Dymock having spent his breath and his indignation through the window, to the disturbance of sundry bats and daws, which resided in the roof of the Tower, was become so calm that he made the rest of his descent in his usually tranquil and sluggish style, and even before he had crossed the court towards the draw-bridge, he had made up his mind to get Shanty to settle this knotty business, feeling that the old blacksmith would have been the proper person to have done it from the first.
Jacob, the ugly, ill-conditioned serving-man, was waiting to turn the light bridge, and had Dymock looked upon him, he would have seen that there was triumph on the features of this deformed animal, for Jacob was in all his master’s secrets; he knew that he meant to cheat the Laird, and he being Salmon’s foster brother, already counted upon his master’s riches as his own. Salmon’s constitution was failing rapidly, and Jacob, therefore, soon hoped to gather in his golden harvest.
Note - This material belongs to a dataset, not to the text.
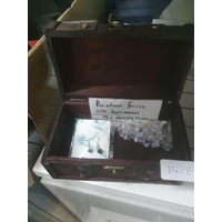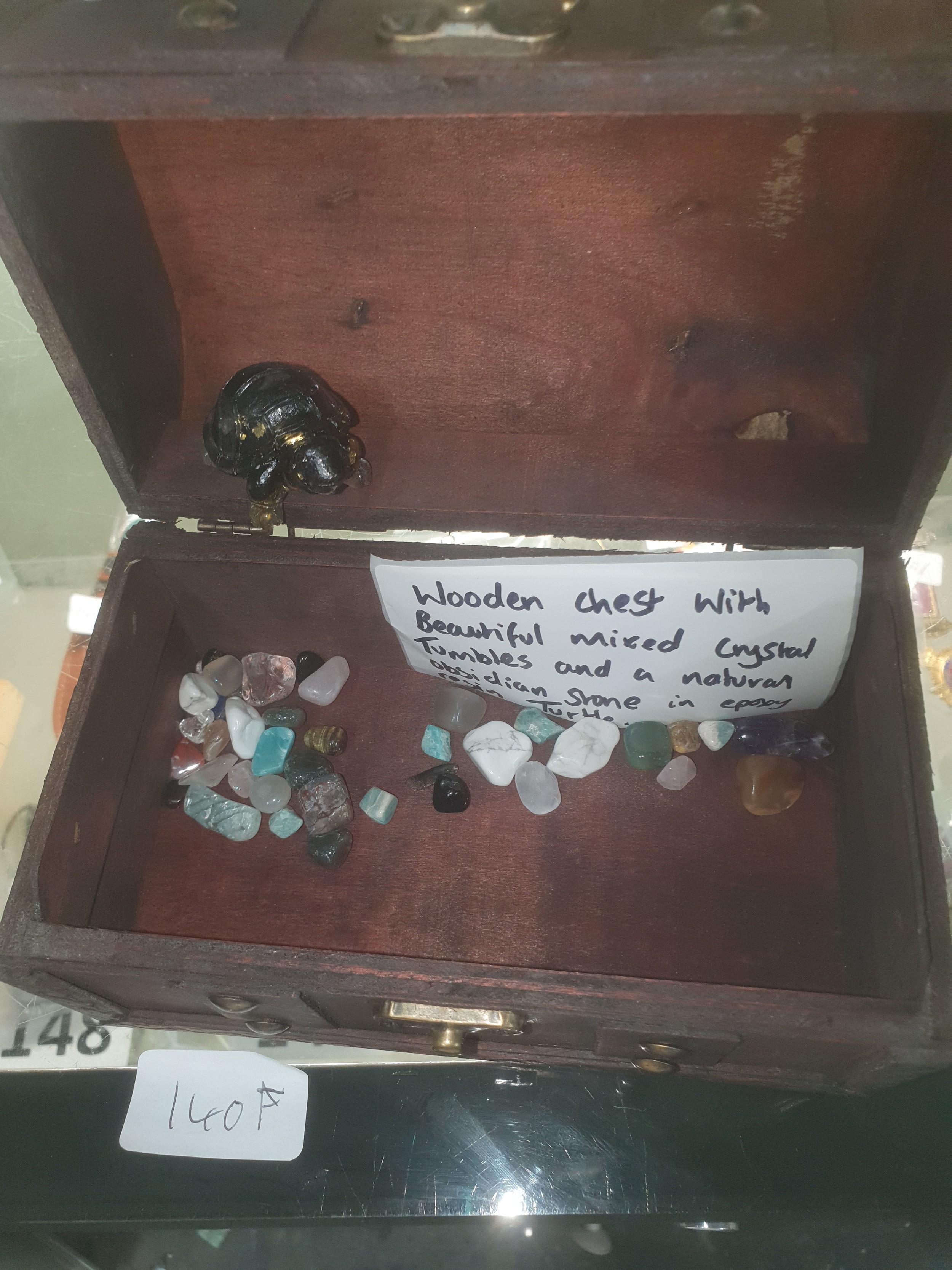 wooden chest with beautiful mixed crystal tumbles and a natural stone obsidian in epoxy resin turtle

Jacob too, hated every creature about him, and his hatred being inherited from his parents, was likely to be coeval with his life. The cause of this hatred will be seen in the sequel; but Jacob had no sooner turned the bridge and fixed it against the opposite bank, than Tamar springing from behind a cluster of bushes, jumped lightly on the boards, and the next moment she was with Dymock and Jacob on the inner side of the moat, under the tower.
Jacob had started back, as if he had seen a spectre, at the appearance of the blooming, sparkling Tamar, who came forward without hat or other head dress, her raven tresses floating in the breeze.
“Why are you here, my daughter?” said Dymock.
“Do not restrain me, dear father,” she answered, “you have not sped you say, only permit me to try my skill;” and then turning suddenly to Jacob, she drew herself up, as Dymock would have said, like a daughter of kings, and added, “show me to your master, I have business with him; go and tell him that I am here, and that I would see him.”
“And who are you?” asked Jacob, not insolently as was his wont, but as if under the impression of some kind of awe; “who shall I say you are?”
Dymock was about to answer; but Tamar placed her hand playfully on his lips, and took no other notice of the question of the serving man, but by repeating her command.
“What are you doing,—what do you propose to do, Tamar?” said the Laird. Tamar was fully aware that she had power to cause her patron at any time, to yield to her caprices; and she now used this power, as women know so well how to effect these things—not by reason—or persuasion, but by those playful manoeuvrings, which used in an evil cause have wrought the ruin of many a more steadfast character than Dymock.
“I have a thought dear father,” she said, “a wish, a fancy, a mere whim, and you shall not oppose me: only remain where you are; keep guard upon the bridge, I shall not be absent long, only tell me how it has happened that your errand here has failed, and you,” she added, addressing Jacob, “go to your master and tell him I am here.”